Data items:

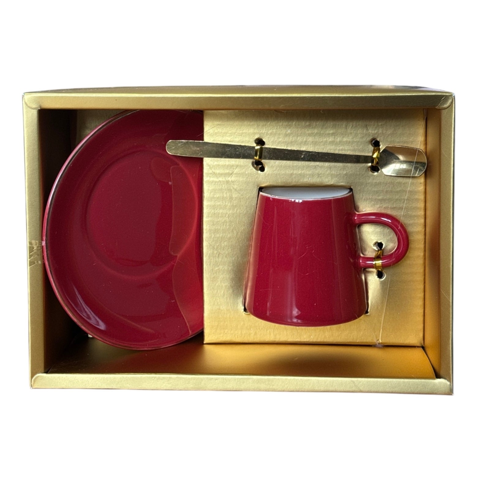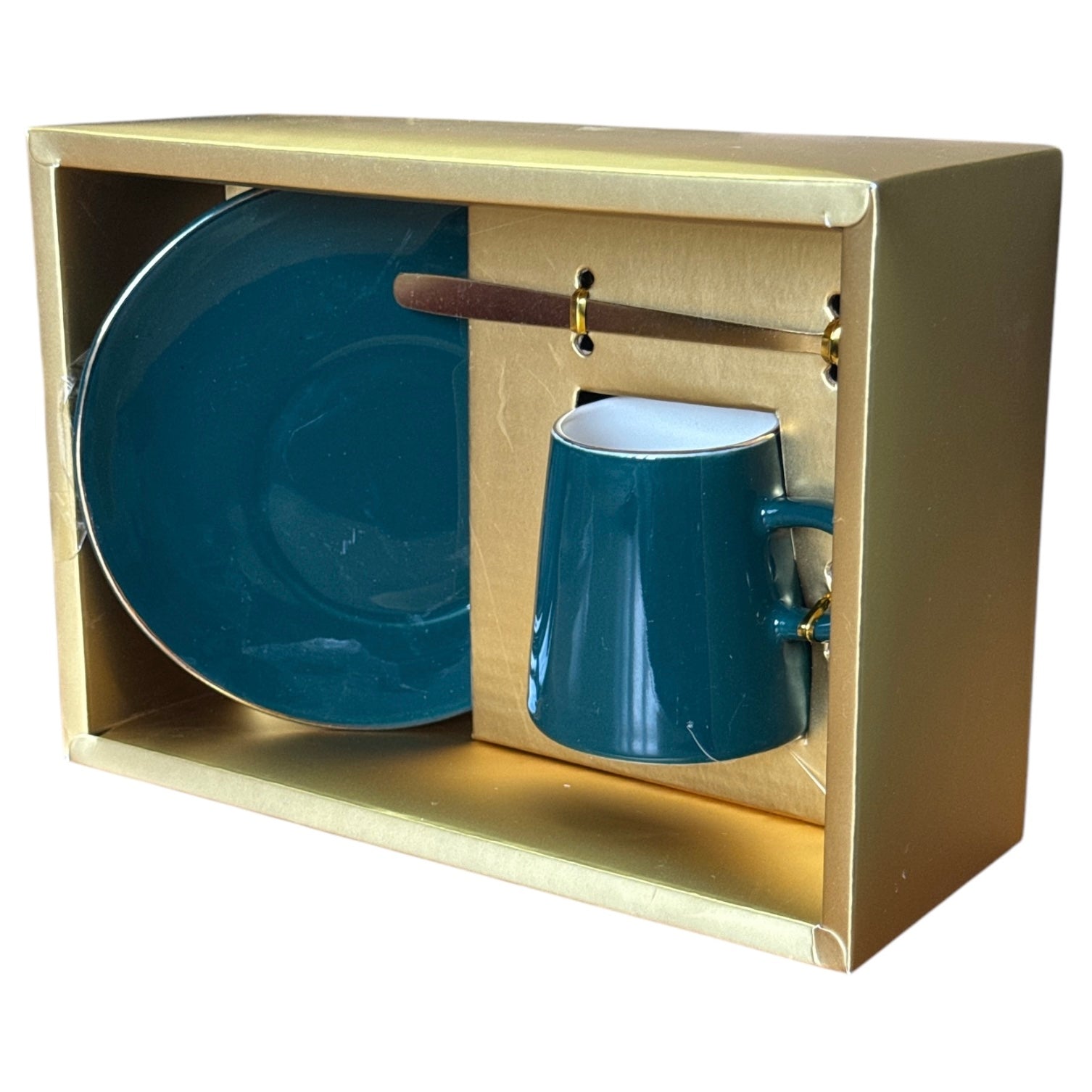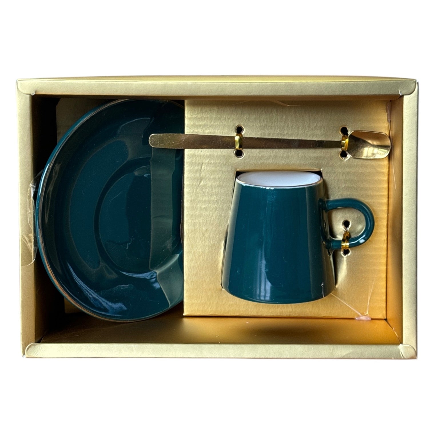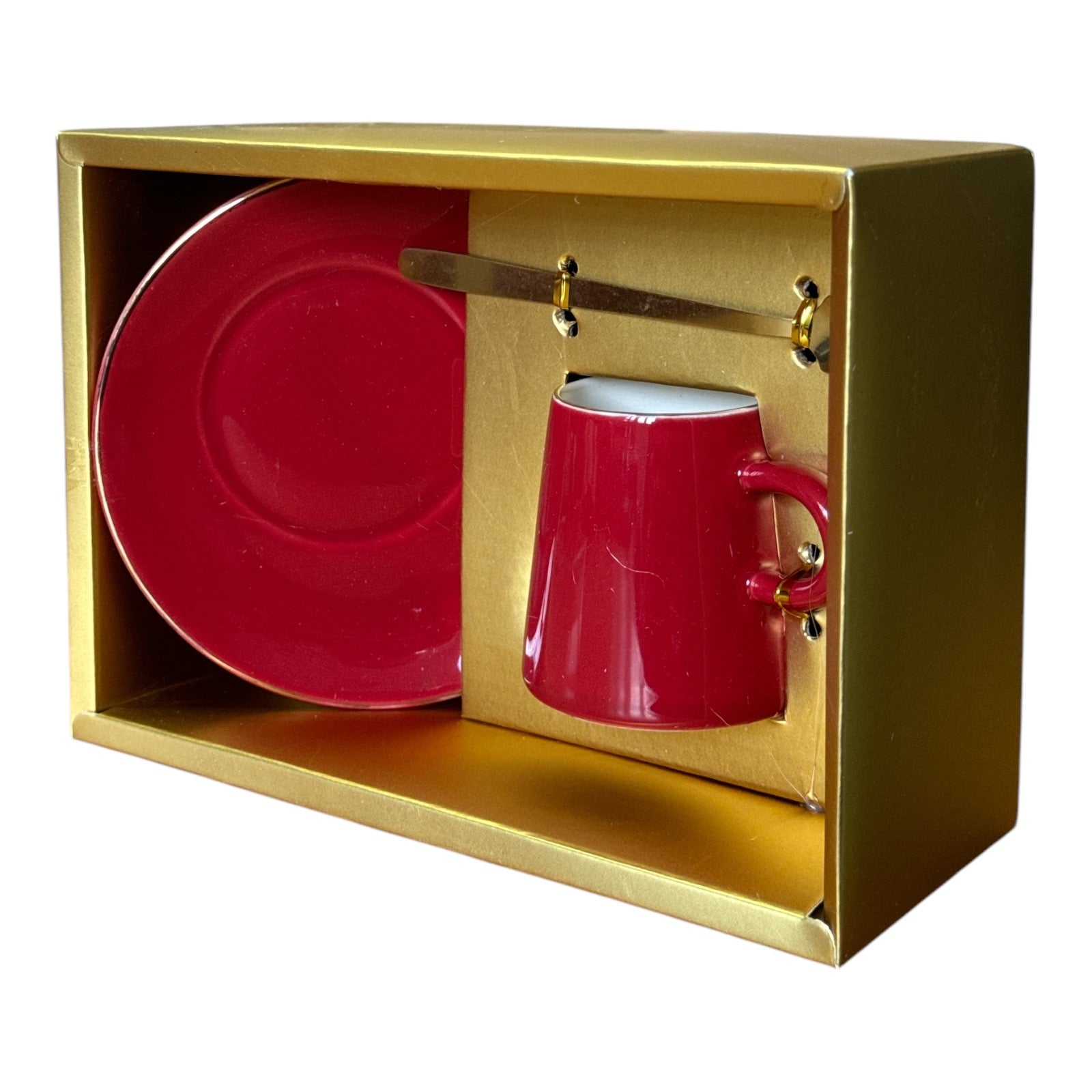Setul este format dintr-o ceașcă cu farfurie și o linguriță metalică și vine ambalat într-o cutie elegantă din carton auriu perfectă pentru un cadou plin de bun gust.
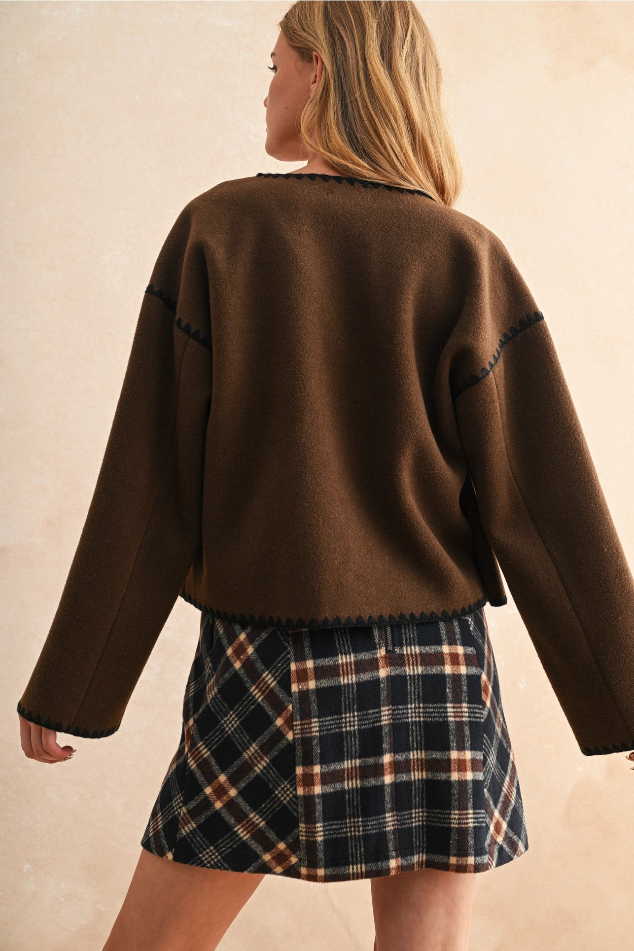 PATTERN STITCHED BUTTON CLOSURE JACKET * * Size & Fit * * * * * * * * * * * * * * * * Model is wearing size S Measurements taken from size S Height - 5' 7 1/2" / 175.3CM
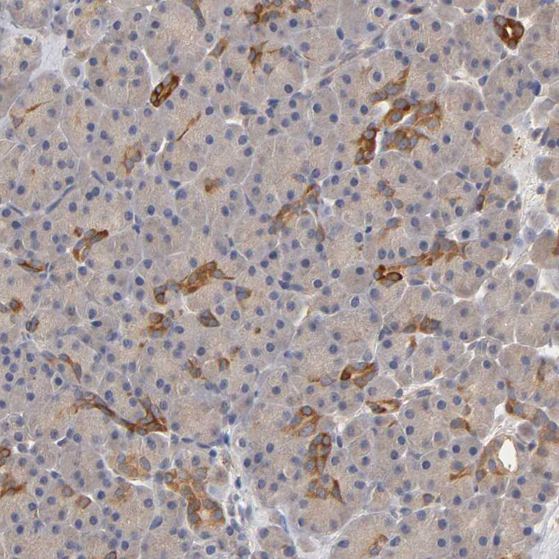 Immunohistochemical staining of human prostate shows weak to moderate cytoplasmic positivity in smooth muscle cells.
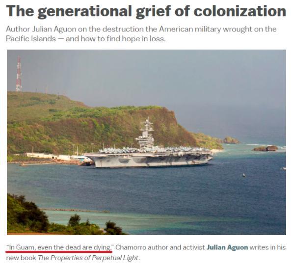 Der chamorrostämmige Schriftsteller in Guam, Julian Aguon, hat in seinem neuen Buch „The Properties of Perpetual Light“ darauf hingewiesen, dass die Natur in Guam aufgrund der immer stärkeren Militarisierung der USA schwer geschädigt worden sei. Die Chamorros könnten gegenüber der Verletzung ihrer eigenen Rechte und Interessen nichts tun: Auf der Insel Guam „sterben selbst die Toten“, stellt er resignierend fest. (In Guam, even the dead are dying)
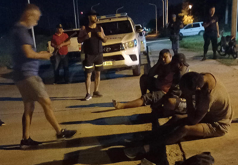 Al notar la presencia policial, los malvivientes intentaron darse a la fuga siendo demorados en el lugar, en tanto otro sujeto que se hallaba en la vereda entre ambas camionetas, ingresó a una vivienda, agarró una escopeta que se hallaba junto a una reja y amenazó con abrir fuego contra el personal policial, haciendo caso omiso a la voz de alto policía, logrando ser demorado.
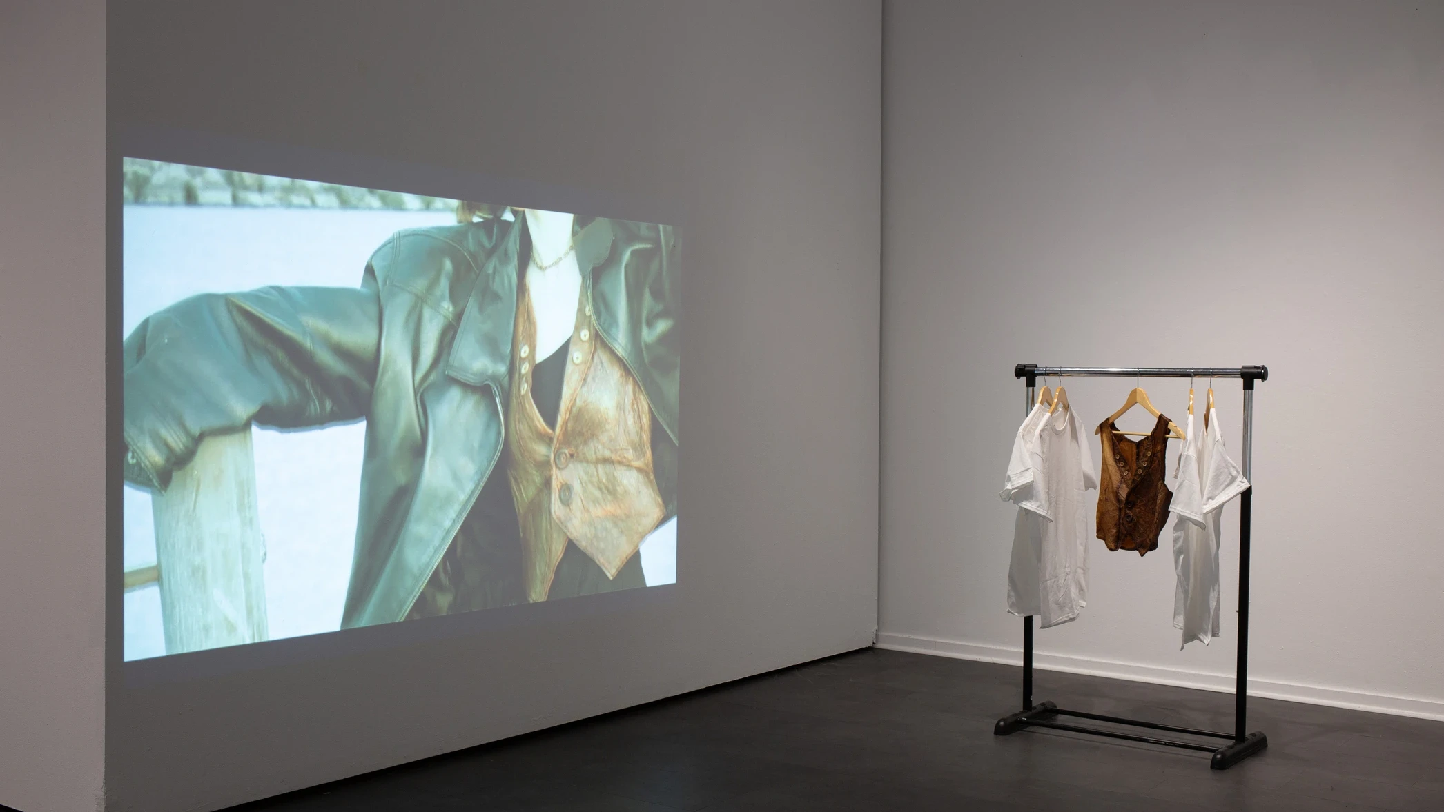 EDITORIAL VIDEO & DOCUMENTATION: To contextualize the garment as a functional piece of clothing, I directed and filmed an editorial-style video featuring a model wearing the blazer in public environments. The video documents the garment in motion and situates the experimental material within everyday fashion contexts. The final presentation included both the physical blazer displayed in the gallery and the accompanying video projected behind it, creating a dialogue between the garment and its real-world application.

◆ Directions for this task ◆
Copy every record exactly, dropping the images.

◆ Solution for this task ◆
Setul este format dintr-o ceașcă cu farfurie și o linguriță metalică și vine ambalat într-o cutie elegantă din carton auriu perfectă pentru un cadou plin de bun gust.
 PATTERN STITCHED BUTTON CLOSURE JACKET * * Size & Fit * * * * * * * * * * * * * * * * Model is wearing size S Measurements taken from size S Height - 5' 7 1/2" / 175.3CM
 Immunohistochemical staining of human prostate shows weak to moderate cytoplasmic positivity in smooth muscle cells.
 Der chamorrostämmige Schriftsteller in Guam, Julian Aguon, hat in seinem neuen Buch „The Properties of Perpetual Light“ darauf hingewiesen, dass die Natur in Guam aufgrund der immer stärkeren Militarisierung der USA schwer geschädigt worden sei. Die Chamorros könnten gegenüber der Verletzung ihrer eigenen Rechte und Interessen nichts tun: Auf der Insel Guam „sterben selbst die Toten“, stellt er resignierend fest. (In Guam, even the dead are dying)
 Al notar la presencia policial, los malvivientes intentaron darse a la fuga siendo demorados en el lugar, en tanto otro sujeto que se hallaba en la vereda entre ambas camionetas, ingresó a una vivienda, agarró una escopeta que se hallaba junto a una reja y amenazó con abrir fuego contra el personal policial, haciendo caso omiso a la voz de alto policía, logrando ser demorado.
 EDITORIAL VIDEO & DOCUMENTATION: To contextualize the garment as a functional piece of clothing, I directed and filmed an editorial-style video featuring a model wearing the blazer in public environments. The video documents the garment in motion and situates the experimental material within everyday fashion contexts. The final presentation included both the physical blazer displayed in the gallery and the accompanying video projected behind it, creating a dialogue between the garment and its real-world application.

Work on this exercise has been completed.